The Marvell board has a 1200Mhz X-Scale (ARM5) versus the AMD Geode (x86) 500Mhz. With about the same amount of RAM (some more things are running on the Geode device) the ARM board appears to win. But not by much; and this is supposedly a fast ARM board.

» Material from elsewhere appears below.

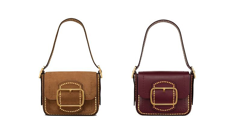 經典駝色、酒紅色是TORY BURCH今年秋冬的主色調,而這款全新設計的SAWYER鉚釘肩背包($27,900)是本季設計師的最愛之一,有麂皮或酒紅牛皮兩種材質,特大的皮帶扣表達復古摩登的風格,將女人味與個性風巧妙融合為一,與本季最夯的印花圖案、黑白刺繡洋裝或是一件簡單的白T與牛仔褲作搭配,都是無懈可擊地完美。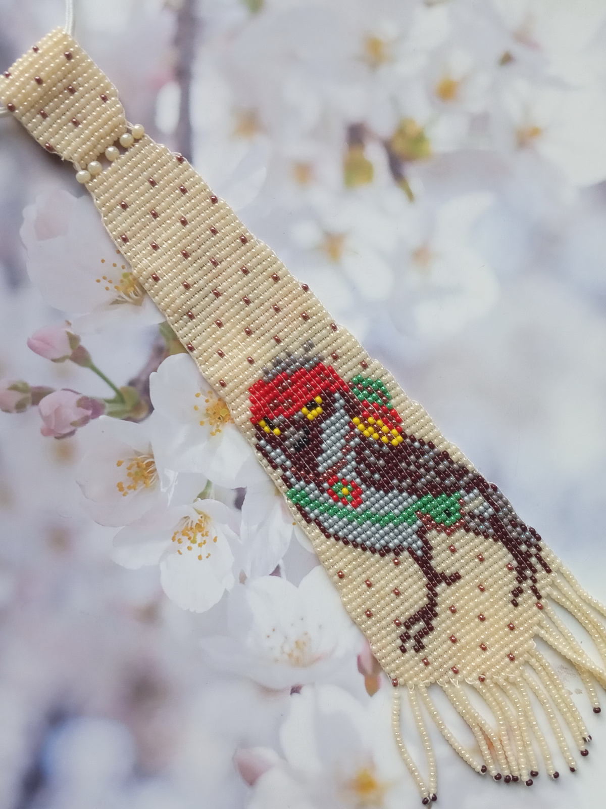 А вот фон, пожалуй, самое сложное было Чех №47113 сорт 2: он из глянцевых и не очень блестящих бисеринок — такой эффект интересный! Вспомнила про него — и решила, что надо воробья всё-таки делать

I'm very curious about a Cortex-A8 to see how that does, but I don't have a beagleboard to test on.

Oh, but wait...


$ stress -t 30s -c 8 -m 1 && cat /proc/loadavg
stress: info: [20281] dispatching hogs: 8 cpu, 0 io, 1 vm, 0 hdd
stress: info: [20281] successful run completed in 30s
4.00 0.99 0.32 1/231 20291
$ cat /proc/cpuinfo
processor : 0
vendor_id : AuthenticAMD
cpu family : 15
model : 67
model name : AMD Athlon(tm) 64 X2 Dual Core Processor 6000+
stepping : 3
cpu MHz : 2992.907
cache size : 1024 KB
physical id : 0
siblings : 2
core id : 0
cpu cores : 2
apicid : 0
initial apicid : 0
fpu : yes
fpu_exception : yes
cpuid level : 1
wp : yes
flags : fpu vme de pse tsc msr pae mce cx8 apic sep mtrr pge mca cmov
pat pse36 clflush mmx fxsr sse sse2 ht syscall nx mmxext fxsr_opt rdtscp lm 3dno
wext 3dnow rep_good extd_apicid pni cx16 lahf_lm cmp_legacy svm extapic cr8_lega
cy
bogomips : 5985.81
TLB size : 1024 4K pages
clflush size : 64
cache_alignment : 64
address sizes : 40 bits physical, 48 bits virtual
power management: ts fid vid ttp tm stc

processor : 1
vendor_id : AuthenticAMD
cpu family : 15
model : 67
model name : AMD Athlon(tm) 64 X2 Dual Core Processor 6000+
stepping : 3
cpu MHz : 2992.907
cache size : 1024 KB
physical id : 0
siblings : 2
core id : 1
cpu cores : 2
apicid : 1
initial apicid : 1
fpu : yes
fpu_exception : yes
cpuid level : 1
wp : yes
flags : fpu vme de pse tsc msr pae mce cx8 apic sep mtrr pge mca cmov
pat pse36 clflush mmx fxsr sse sse2 ht syscall nx mmxext fxsr_opt rdtscp lm 3dno
wext 3dnow rep_good extd_apicid pni cx16 lahf_lm cmp_legacy svm extapic cr8_lega
cy
bogomips : 5985.51
TLB size : 1024 4K pages
clflush size : 64
cache_alignment : 64
address sizes : 40 bits physical, 48 bits virtual
power management: ts fid vid ttp tm stc


So it just goes as fast as it can. WTF is the point of stress again?